[Records from a data source]
▼

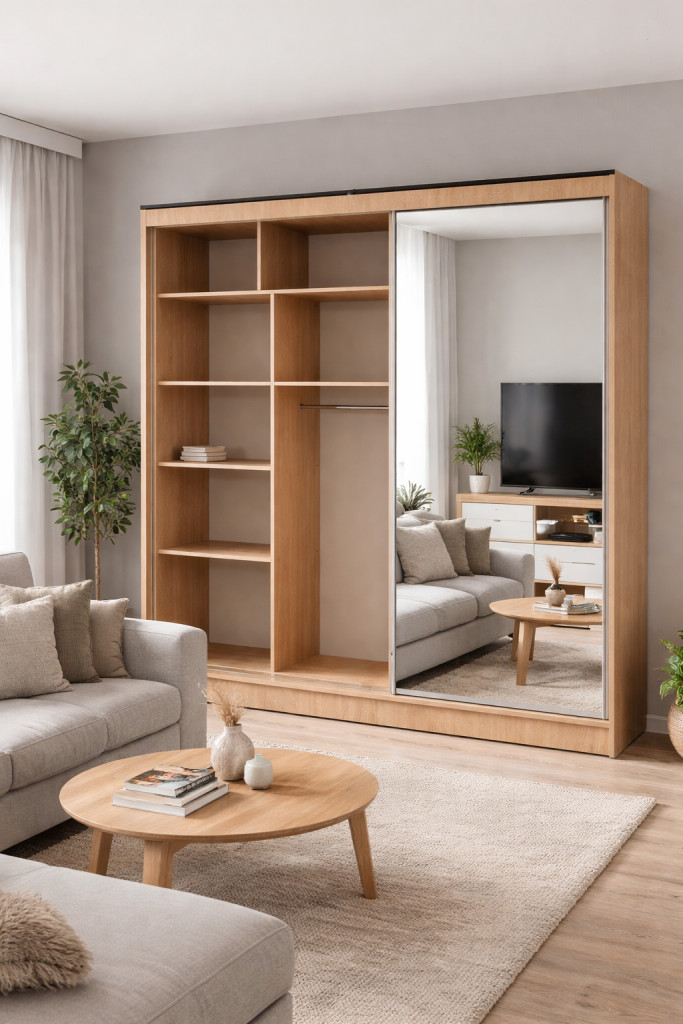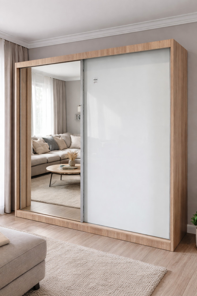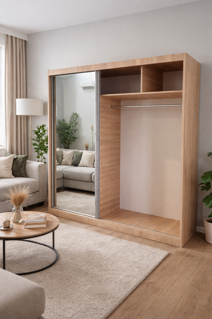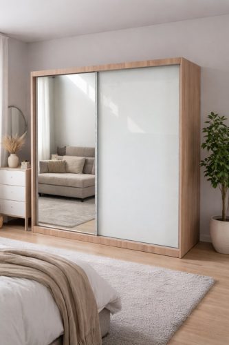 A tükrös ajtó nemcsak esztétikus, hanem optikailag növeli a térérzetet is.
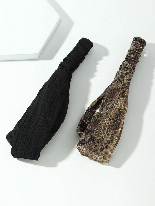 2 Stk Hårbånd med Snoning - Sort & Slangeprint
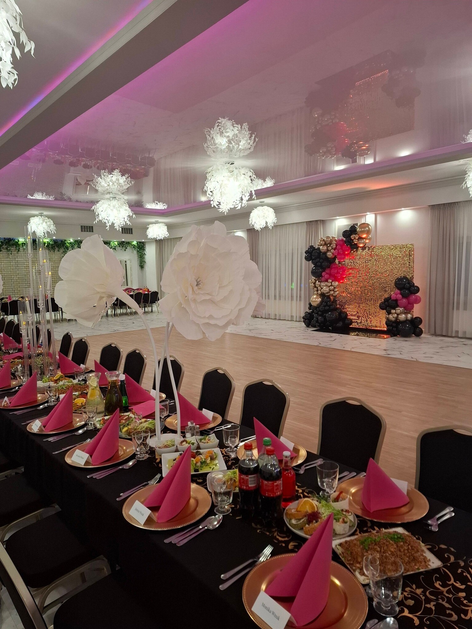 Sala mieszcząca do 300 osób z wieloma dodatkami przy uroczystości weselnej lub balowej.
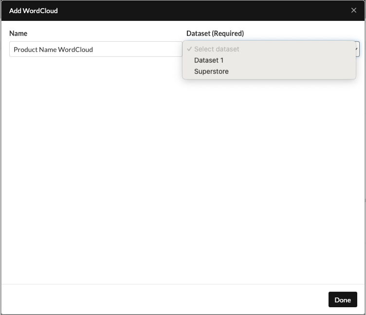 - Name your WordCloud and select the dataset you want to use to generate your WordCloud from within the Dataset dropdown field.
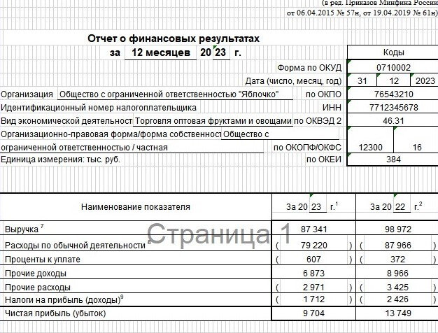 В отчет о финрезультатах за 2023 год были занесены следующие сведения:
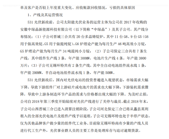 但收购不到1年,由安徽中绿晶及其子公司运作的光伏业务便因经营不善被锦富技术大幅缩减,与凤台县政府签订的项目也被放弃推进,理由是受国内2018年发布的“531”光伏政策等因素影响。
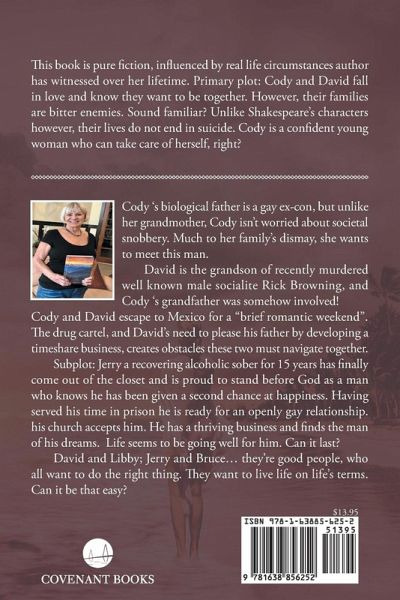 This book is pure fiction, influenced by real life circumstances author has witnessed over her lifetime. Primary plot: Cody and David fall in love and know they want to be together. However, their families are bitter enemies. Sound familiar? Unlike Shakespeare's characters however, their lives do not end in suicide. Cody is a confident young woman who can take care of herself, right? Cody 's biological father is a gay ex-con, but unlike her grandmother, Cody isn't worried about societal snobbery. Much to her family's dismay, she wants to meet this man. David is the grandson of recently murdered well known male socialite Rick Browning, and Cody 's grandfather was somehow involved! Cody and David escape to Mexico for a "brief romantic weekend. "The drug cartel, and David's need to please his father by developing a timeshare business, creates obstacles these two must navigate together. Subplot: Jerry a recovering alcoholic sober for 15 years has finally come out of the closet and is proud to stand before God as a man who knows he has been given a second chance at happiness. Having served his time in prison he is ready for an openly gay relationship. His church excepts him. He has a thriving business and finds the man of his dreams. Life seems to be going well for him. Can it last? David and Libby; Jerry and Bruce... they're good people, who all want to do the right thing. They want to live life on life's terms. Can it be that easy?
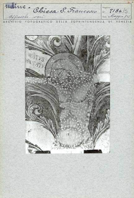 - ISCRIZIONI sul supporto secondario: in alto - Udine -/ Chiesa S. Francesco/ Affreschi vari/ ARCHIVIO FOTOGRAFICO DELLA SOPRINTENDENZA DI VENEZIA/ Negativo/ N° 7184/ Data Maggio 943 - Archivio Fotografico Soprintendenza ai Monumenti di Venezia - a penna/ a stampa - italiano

▲

*ABOUT THIS TASK:*
Print an exact copy of the lines above, from the one containing "- Name your" through the one containing "但收购不到1年,由安徽中绿晶", and leave out the pictures.

*ANSWER BOX:*
 - Name your WordCloud and select the dataset you want to use to generate your WordCloud from within the Dataset dropdown field.
 В отчет о финрезультатах за 2023 год были занесены следующие сведения:
 但收购不到1年,由安徽中绿晶及其子公司运作的光伏业务便因经营不善被锦富技术大幅缩减,与凤台县政府签订的项目也被放弃推进,理由是受国内2018年发布的“531”光伏政策等因素影响。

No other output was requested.